Our generation loves pop. Where I grew up, teenagers blared One Direction and Ed Sheeran as they made trips to the beach and every time I recall my middle school years, my memory is tinted with a glow of dazzling bubble pink pop music. At school, my friends excitedly divulged the latest news on Taylor Swift, and as a young teenager, I enjoyed listening to songs like “Shake it Off” at sleepovers with my friends. If you had asked me what my music taste was like when I was fourteen, I probably would have answered that I listened only to the pop music that came on the radio in the car. 

While I was busy absorbing the sound of pop music at school and with my friends, I was also absorbing the sound of a different kind of music at home. My mom loved putting on her 80’s mandarin pop whenever she folded clothes or cleaned around the house, and our living room had a black Yamaha piano on which my older sister played “River Flows in You” or “Pachelbel’s Canon” at my mom’s request. I didn’t really consider this to be music, though, since my understanding of “music taste” was heavily influenced by what my classmates said about music, and music taste was a concept that only my American friends and teachers ever brought up. No Asian relative of mine had ever asked me about what sort of music I listened to. Moreover, I hated listening to my sister practice piano, and I hated mandarin music. The singers spoke too quickly for me to understand what the lyrics meant, and, in my opinion, the janky tunes of the 80s didn’t hold up to the synthetic, upbeat sounds of modern music. 

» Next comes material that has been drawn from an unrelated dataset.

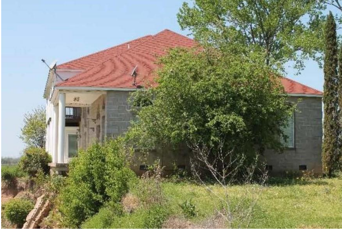
127 Jones Lane, Conway, AR (Photo 1/2)

My reservations toward this kind of music changed when I started college. During my first semester at Berkeley, I found myself leaning into music that was calming and stabilizing rather than energetic and upbeat. In the midst of a bizarre world that threw different faces and places at me every day, I needed something that could help provide a stable landing place for me in the whirlwind of everyday challenges I faced. I found this stability in the calming piano notes that reminded me of my sister’s piano practice sessions, and the mandarin music that had always followed me around at home. As the semester progressed, Yiruma’s meditative piano notes carried me through my papers and deep reading sessions, and the mandarin pop my mother had always loved listening to became a rhythm I could return to whenever the foreign world of Berkeley became too overwhelming. These songs – familiar to me as a family tradition – served as an important source of comfort at a time when I was adjusting to many new situations in my life. And while I still enjoy listening to pop music every once in a while, I have a baseline now – my own personal music taste – that I can return to whenever I need.